(Extracted records)
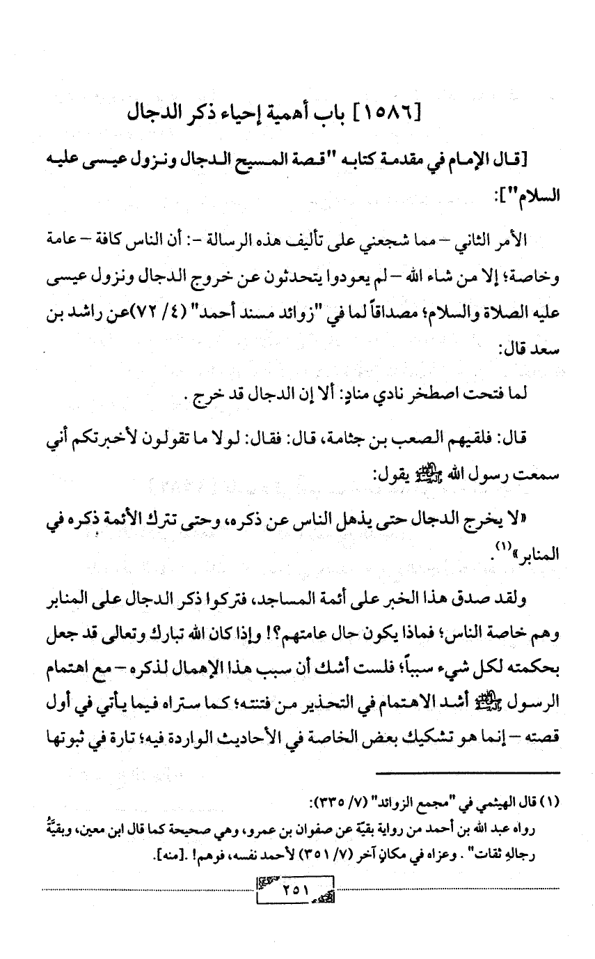 [قال الإمام في مقدمة كتابه "قصة المسيح الدجال ونزول عيسى عليه السلام"]:
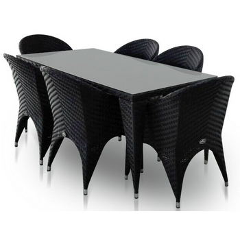 Материалы изделий: каркас - сталь с порошковым покрытием, оплётка каркаса - искусственный ротанг, подушки - водонепроницаемый полиэстер с мягким наполнителем, столешница - ударопрочное закалённое стекло (6 мм).
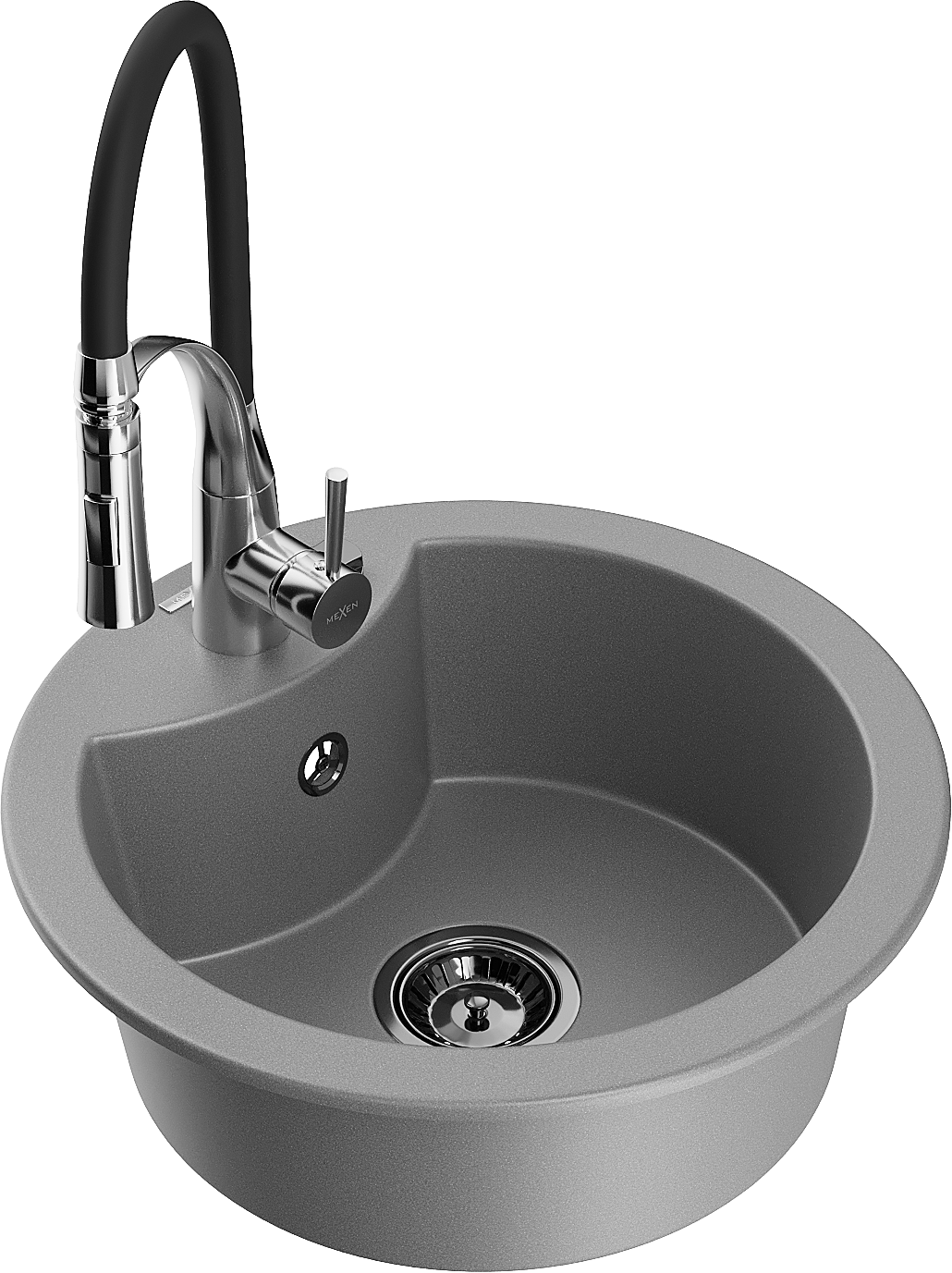 Mexen Diego Granitspüle 1-Becken mit Küchenarmatur Aster, grau - 6512-71-73450-07-B
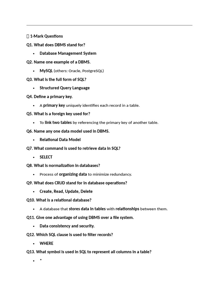 Primary Key: Unique identifier of a record. (e.g., StudentID in Students table)
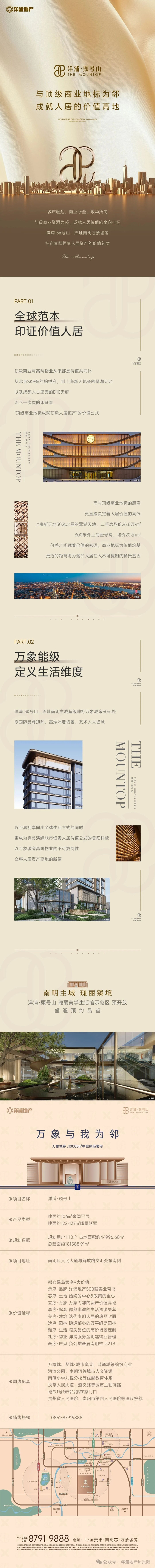 近距离拥享同步全球生活方式的同时,更成为完美演绎城市恒贵人居价值公式的贵阳样板,以万象城旁高阶物业的不可复制性,立序人居资产高地的新篇。
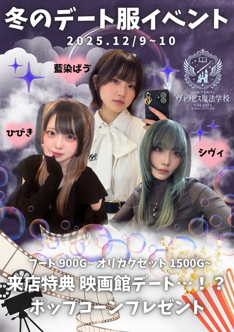 札幌・すすきの ヴォラビス魔法学校藍染ばゔさんがリポストコンセプトカフェヴォラビス魔法学校@volabis_school·”🚨ゲリライベント襲来!!” 2025.12/9~10♡ 服のデート服イベント開催🥟✨ あったかメニューやセットでお得に楽しもう✨ 来校でポップコーンプレゼント🍿🌟 まるで映画館デート…💖 たくさんの生徒さんをお待ちしております! #すすきの #コンカフェ #サイバーシティビル9F614630
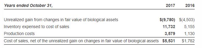 Cost of sales is expected to vary on a quarterly basis, depending on the number of pre-harvest plants, the strains being grown and where the pre-harvest plants are in the growth cycle at the end of the reporting period. Cost of sales during the year ended October 31, 2017 includes depreciation of $1.2 million (2016 – $0.4 million) for both the POD and BGC facilities. Growing activities in the POD facility ramped up gradually throughout the year. For the years ended October 31, cost of sales was composed of the following:
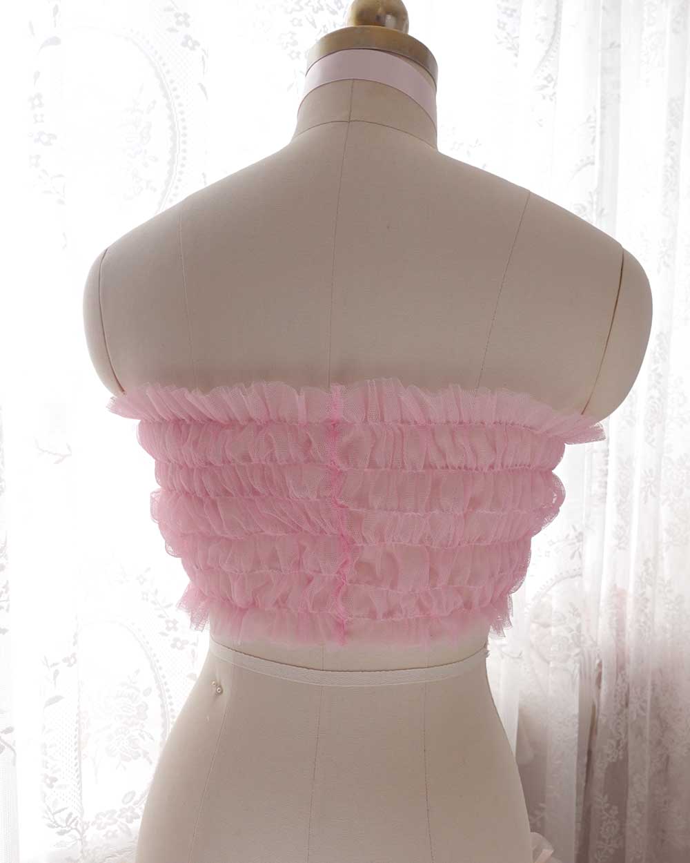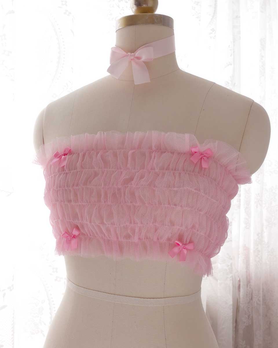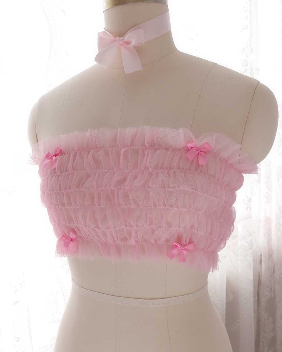Coquette Romantic Baby Pink Bow Tulle Tube Top Crop Top Off shoulder Mesh top Lingerie ,Kawaii Clothes Handmade
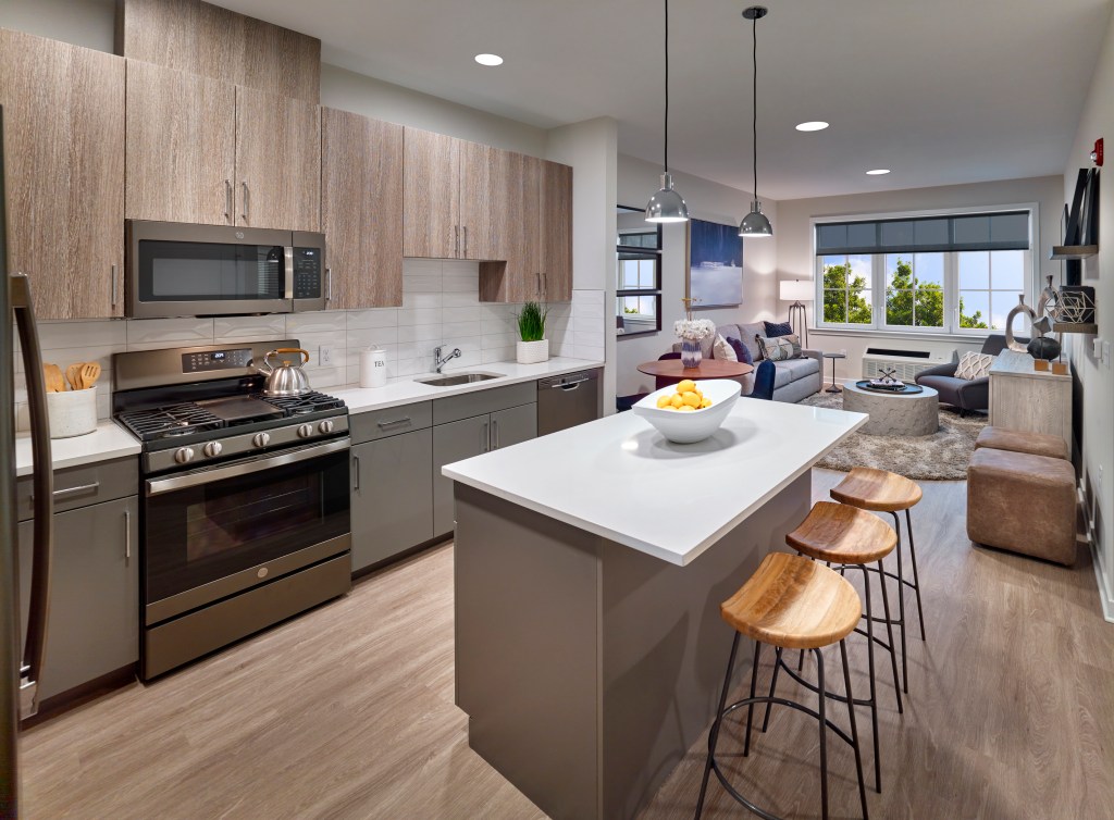 Residences at CENTURION Union Center are lined with designer features and appointments, including nine-foot ceiling heights, wide wood-style plank flooring, vented in-home washer and dryers by GE, and open kitchens with full-size slate GE appliances, gas range stoves, island/peninsula workspaces and quartz countertops. Luxurious baths are equipped with glass-enclosed showers, porcelain tile and polished chrome fixtures.

## GOAL OF THE EXERCISE
Reproduce exactly the lines of the data above that run from the line with "Mexen Diego Granitspüle" down to the line with "#すすきの #コンカフェ #サイバーシティビル9F614630", both ends included. Pictures do not belong in the copy.

## FINISHED EXERCISE
 Mexen Diego Granitspüle 1-Becken mit Küchenarmatur Aster, grau - 6512-71-73450-07-B
 Primary Key: Unique identifier of a record. (e.g., StudentID in Students table)
 近距离拥享同步全球生活方式的同时,更成为完美演绎城市恒贵人居价值公式的贵阳样板,以万象城旁高阶物业的不可复制性,立序人居资产高地的新篇。
 札幌・すすきの ヴォラビス魔法学校藍染ばゔさんがリポストコンセプトカフェヴォラビス魔法学校@volabis_school·”🚨ゲリライベント襲来!!” 2025.12/9~10♡ 服のデート服イベント開催🥟✨ あったかメニューやセットでお得に楽しもう✨ 来校でポップコーンプレゼント🍿🌟 まるで映画館デート…💖 たくさんの生徒さんをお待ちしております! #すすきの #コンカフェ #サイバーシティビル9F614630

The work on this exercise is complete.